17th and 18th Century Astronomy and Isaac Newton

Wednesday, June 3, 2009
http://www.wikio.com
The interest in astronomy and physics that followed the work of Galileo burst into full flower in the work of Isaac Newton (1642-177). Newton's work was so great that he has become an almost legendary figure. The stories told about him - such as he was led to his theory of gravitation an apple fall in his garden- are not only untrue but they obscure Newton's great reasoning powers. At Cambridge University, newton very early showed himself to be a mathematical genius, and all his discoveries except in optics were primarily mathematical in their nature.

What Newton had done was to find the mathematical method, the calculus to open the door to modern physics. With it he showed that the laws of falling bodies that Galileo had discovered would apply to the whole universe in such a way as to agree with Kepler's laws.

In 1664 by means of a few glass prisms and a series of simple experiments, Newton showed that white light is really a combination of colored light of the spectrum and that light travels in straight lines. From these results he invented a new type of reflecting telescope.

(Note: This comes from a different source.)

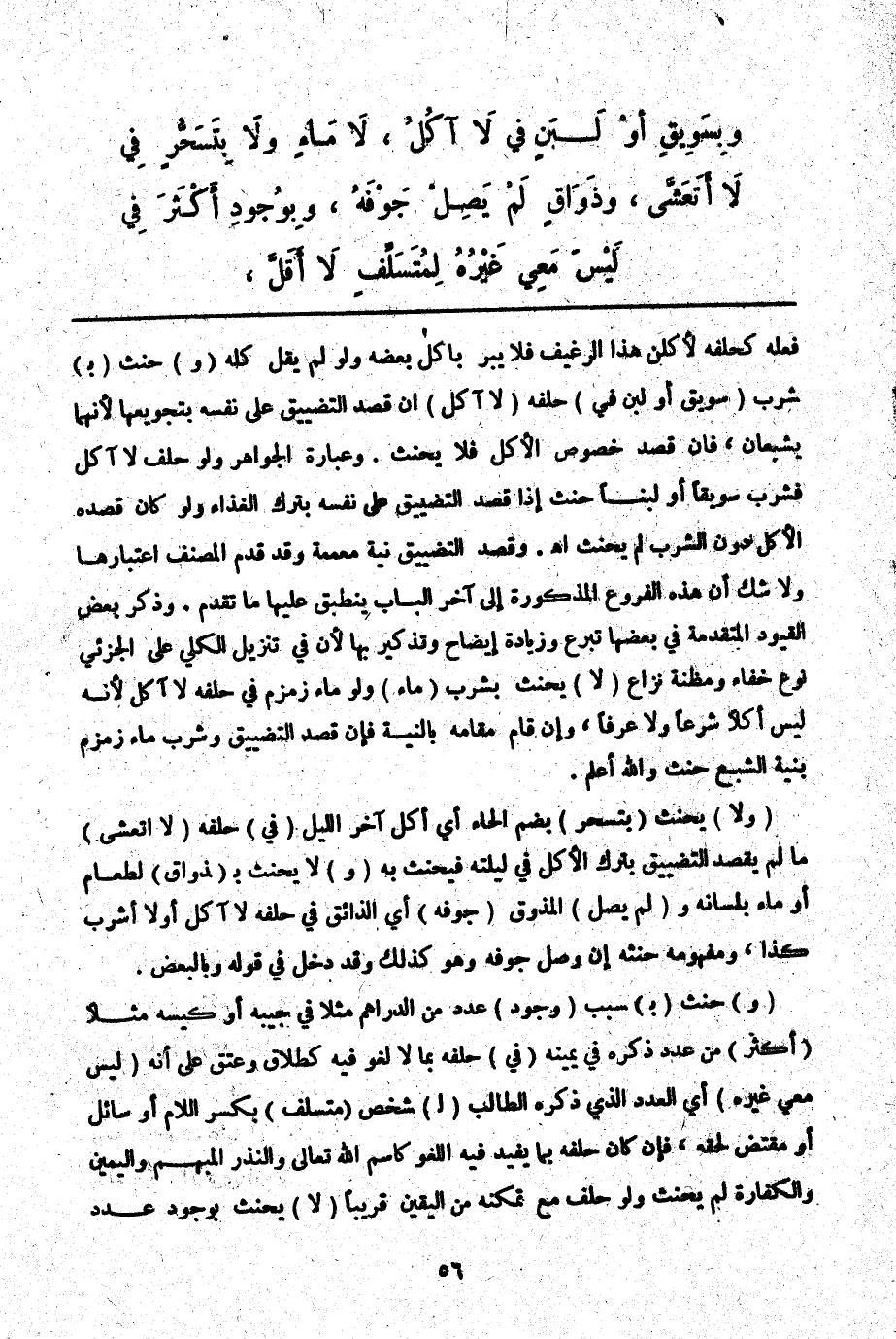 ـــــــــــــــــــــــــــــQفِعْلِهِ كَحَلِفِهِ لَآكُلَنَّ هَذَا الرَّغِيفَ فَلَا يَبَرُّ بِأَكْلِ بَعْضِهِ وَلَوْ لَمْ يَقُلْ كُلَّهُ (وَ) حَنِثَ (بِ) شُرْبِ (سَوِيقٍ أَوْ لَبَنٍ فِي) حَلِفِهِ (لَا آكُلُ) إنْ قَصَدَ التَّضْيِيقَ عَلَى نَفْسِهِ بِتَجْوِيعِهَا لِأَنَّهُمَا يُشْبِعَانِ، فَإِنْ قَصَدَ خُصُوصَ الْأَكْلِ فَلَا يَحْنَثُ. وَعِبَارَةُ الْجَوَاهِرِ وَلَوْ حَلَفَ لَا آكُلُ فَشَرِبَ سَوِيقًا أَوْ لَبَنًا حَنِثَ إذَا قَصَدَ التَّضْيِيقَ عَلَى نَفْسِهِ بِتَرْكِ الْغِذَاءِ وَلَوْ كَانَ قَصْدُهُ الْأَكْلَ دُونَ الشُّرْبِ لَمْ يَحْنَثْ اهـ. وَقَصْدُ التَّضْيِيقِ نِيَّةٌ مُعَمِّمَةٌ وَقَدْ قَدَّمَ الْمُصَنِّفُ اعْتِبَارَهَا وَلَا شَكَّ أَنَّ هَذِهِ الْفُرُوعَ الْمَذْكُورَةَ إلَى آخِرِ الْبَابِ يَنْطَبِقُ عَلَيْهَا مَا تَقَدَّمَ. وَذِكْرُ بَعْضِ الْقُيُودِ الْمُتَقَدِّمَةِ فِي بَعْضِهَا تَبَرُّعٌ وَزِيَادَةُ إيضَاحٍ وَتَذْكِيرٌ بِهَا؛ لِأَنَّ فِي تَنْزِيلِ الْكُلِّيِّ عَلَى الْجُزْئِيِّ نَوْعَ خَفَاءٍ وَمَظِنَّةَ نِزَاعٍ (لَا) يَحْنَثُ بِشُرْبِ (مَاءٍ) وَلَوْ مَاءَ زَمْزَمَ فِي حَلِفِهِ لَا آكُلُ لِأَنَّهُ لَيْسَ أَكْلًا شَرْعًا وَلَا عُرْفًا، وَإِنْ قَامَ مَقَامَهُ بِالنِّيَّةِ فَإِنْ قَصَدَ التَّضْيِيقَ وَشَرِبَ مَاءَ زَمْزَمَ بِنِيَّةِ الشِّبَعِ حَنِثَ وَاَللَّهُ أَعْلَمُ.

Robert Boyle (1627-1691) had shown the value of experiment in studying the physical properties of gases. After the invention of the barometer by Evangelista Toricelli, he experimented on pressure of the atmosphere. Boyle and his assistant Robert Hooke built air pump with which they were able to produce a high vacuum. With this, Boyle conducted experiments that enabled him to determine the weight of the atmosphere. Further experiments gave him the relation between the volume and pressure of a gas, and established the rule that bears his name- Boyle's law. Some of his other work, however, had caused a lack of faith in the three-element theory, and it was replaced by the phlogiston theory of Johann Joachim Becher (1635-1682). This theory held that all metals are made up of calx (dust) plus phlogiston, and when the metal is heated the phlogiston is driven off and the calx is left. By means of this theory, chemists were able to give a satisfactory explanation of many chemical facts, and it led to two things: a more detailed study of the nature of gases and their reactions with other substances, and renewed efforts to decide just what a chemical element is.

Boyle's Air Pump:

The spherical chamber is to be exhausted of air. The bottle-shaped device below is a cylinder open at the bottom, in which a close-fitting plunger works vertically. The plunger, operated by a hand crank, pulls air down from the upper chamber. On the upstroke the air in the cylinder is let out through the down pointing system on the upper rim of the cylinder. The exhausted chamber can be sealed off by the stopcocks.